The Shannon–Weaver diversity index (H′) (Shannon and Weaver 1963) was used to show diversity of the endophytic fungal species and was calculated as: H′ =−∑p i ln p i. Shannon evenness (E) was calculated as H′/H max, where H max = ln(S), S is the total number of OTUs in the subsample. Simpson’s diversity (D = 1 − ∑p 2i , where p i is the proportion of isolates assigned to the ith OTU, that is P i = n i/N) (Simpson 1964) was calculated to compare the species richness. A Simpson diversity index is close to 1 means that the sample is highly diverse.
Difference in Shannon diversity indices of any two fungal communities were compared using a Student’s t test at a 95 % confidence level. Differences were considered statistically significant at p < 0.05 (Kutorga et al. 2012). Principal component analysis (PCA) was conducted to explore the compositions of endophytic fungal communities at different growth stages. Principal component models were built with full leverage correction and based on percentage abundance of endophytic fungal isolates at each growth stage. The statistical significance for PCA was assessed by analysis of variance of PCA scores among different growth stages (Beraldi-Campesi et al. 2012). The statistical analyses were performed using SPSS version 17.0 (SPSS Inc., Chicago, IL, USA).
Results
Isolation and identification of endophytic fungi
A total of 714 endophyte strains were isolated from 1,440 plant tissue segments of S. chamaejasme during LE, FB, SM and D growth stages. Of these strains, 224 were recovered from leaves, 236 from stems and 254 from roots. These fungal strains were sorted into 91 OTUs (22 OTUs for leaves, 29 OTUs for stems, and 40 OTUs for roots). The colonization rate of endophytic fungi was higher in roots (53 %) than in leaves (47 %) and stems (49 %). The colonization rate of endophytic fungi was significantly lower at LE stage (26 %) than at FB (56 %), SM (57 %) and D (60 %) stages.

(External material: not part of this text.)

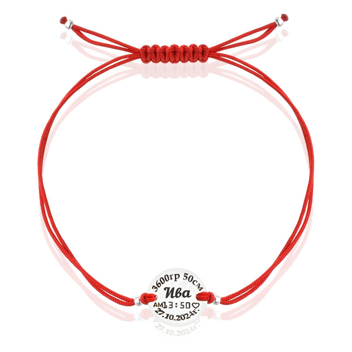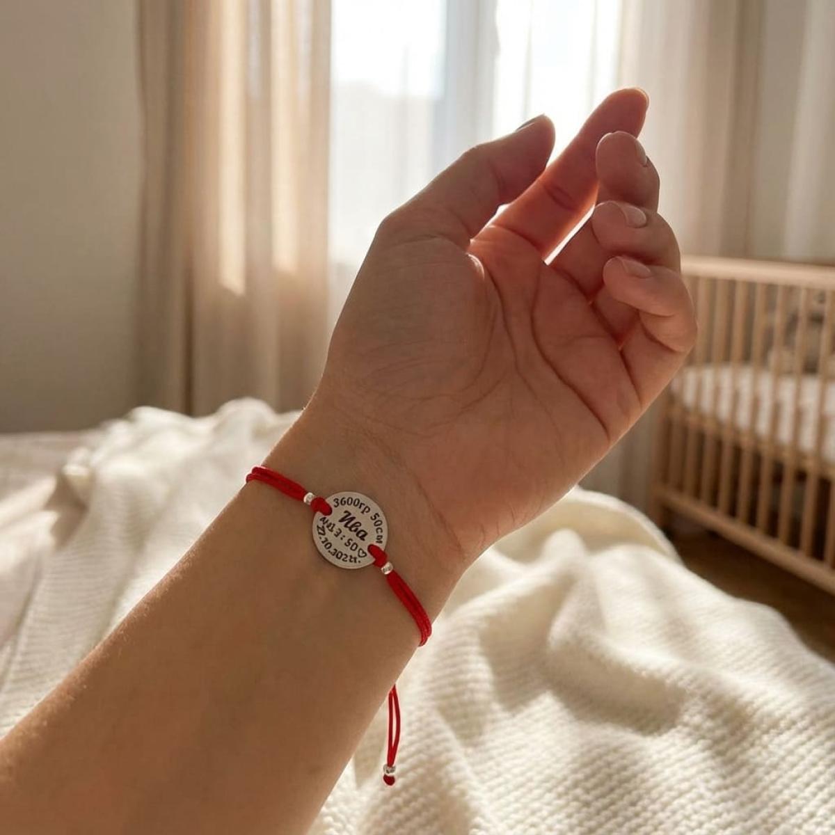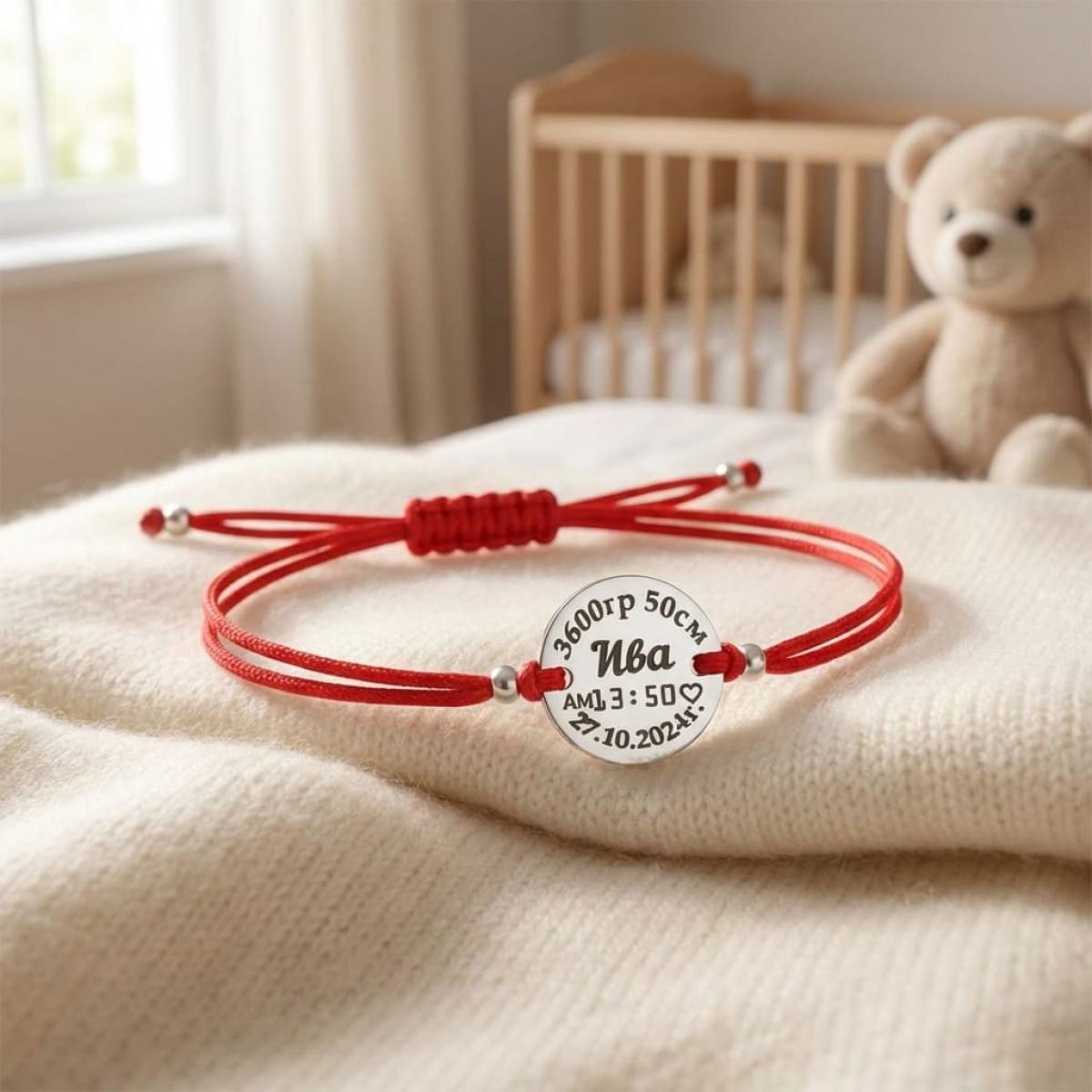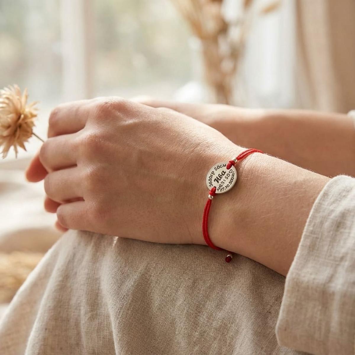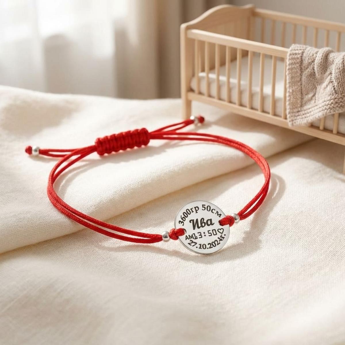 Гривна с червен конец и сребърен елемент с рождените данни на вашето бебе

The fungal isolates were mainly composed of Ascomycota (711, 99.6 % of the isolates), including a high relative abundance of Sordariomycetes (303, 42.6 %, 38 OTUs) and Dothideomycetes (240, 33.8 %, 30 OTUs). The unclassified Ascoymcota (53 isolates, 5 OTUs), Eurotiomycetes (45 isolates, 10 OTUs), Leotiomycetes (36 isolates, 4 OTUs) and Mucoromycotina (34 isolates, 3 OTUs) constituted only 7.5, 6.3, 5.1 and 4.8 %, respectively, of the isolated ascomycetes (Table 1). A single basidiomycete (Agaricomycetes, 3 isolates, 1 OTUs) was identified and the OTU was detected in 0.4 % of the total samples (Table 1). In the entire dataset, Alternaria (dominated in leaves and stems) and Fusarium (dominated in roots) were the most frequently isolated genera. Fusarium acuminatum was the most abundant taxon, followed by Alternaria sp., Ascomycota sp., Dothideomycetes sp. and Alternaria tenuissima.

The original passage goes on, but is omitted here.